This is a very special dual release episode of the Cognitive Crucible. Our friends over at the PSYWAR podcast are also releasing this via their channel. During this episode, IPA founding member, Austin Branch, is joined by COL Jeremy Mushtare, who commands the US Army’s 8th Psychological Operations Group. Jeremy discusses PSYOP manpower matters and then Austin contrasts roles and responsibilities between PSYOP soldiers and FA30s who tend to be more on the staff integration side of information operations. Then, the discussion turns to cognitive security partnerships, competition below the level of armed conflict, and initiatives.
See this link for full show notes and resources.
About the PSYWAR Podcast: Cognitive Crucible listeners can follow this link and check out the PSYWAR podcast. The PSYWAR podcast demystifies psychological operations, informs soldiers about how they can join the PSYOP regiment, discusses the future of Information Warfare, and sprinkles in some cool war stories.
Colonel Jeremy Mushtare is the Commanding Officer of the US Army’s 8th Psychological Operations Group (Airborne). During his Army career, Jeremy has held numerous command and staff positions.

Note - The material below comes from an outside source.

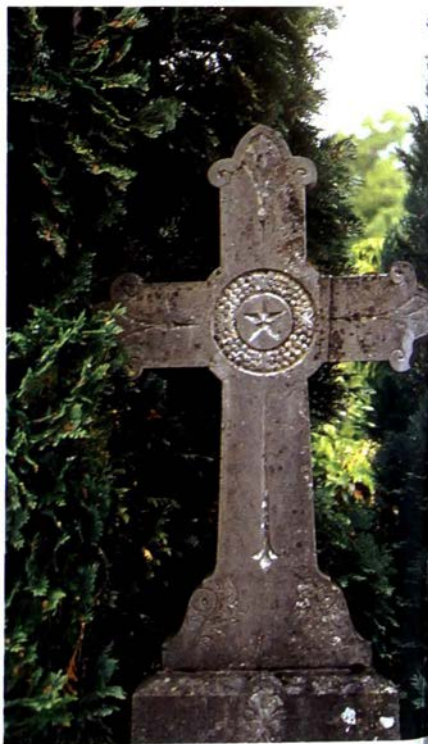
De schijn-cipres ( Chamaecyparis ) vervangt in de gematigde streken vaak de echte cipres als dodenplant. Marville, Frankrijk. Dia.

(Cupressus), Apollo's vriend, doodde op een dag per vergissing het tamme hert dat hij elke dag verzorgde. Hij had daar zoveel spijt van, dat hij zichzelf wou doden. Zelfs Apollo slaagde er niet in zijn vriend te troosten. Ten einde raad vroeg de zonnegod dan maar aan de andere goden dat ze eeuwig tranen zouden uitstorten over de aarde. Op slag veranderde Kyparissos in een boom (een 'cipres'), waarna Apollo bedroefd zei: "Ik zal je altijd blijven bewenen. En jij, je zult de anderen bewenen en je lot verbinden met hun smart."

His last assignment was at the Pentagon as Director for Information Operations in the Office of the Assistant Secretary of Defense for Special Operations and Low-Intensity Conflict (SO/LIC).
Mr. Austin Branch is an Information Operations pioneer, practitioner and leader. He holds the distinction of being the Army’s very first FA30 Information Operations officer when that career field was just forming in the 1980s. While in uniform, he served at the tactical, operational, and strategic levels. Since retiring from the Army, Mr. Branch served in several senior executive civilian roles within the Department of Defense which focused on information operations, cyber, and counter-terrorism. Austin is also one of the founding members of the Information Professionals Association.
IPA is a non-profit organization dedicated to exploring the role of information activities, such as influence and cognitive security, within the national security sector and helping to bridge the divide between operations and research. Its goal is to increase interdisciplinary collaboration between scholars and practitioners and policymakers with an interest in this domain.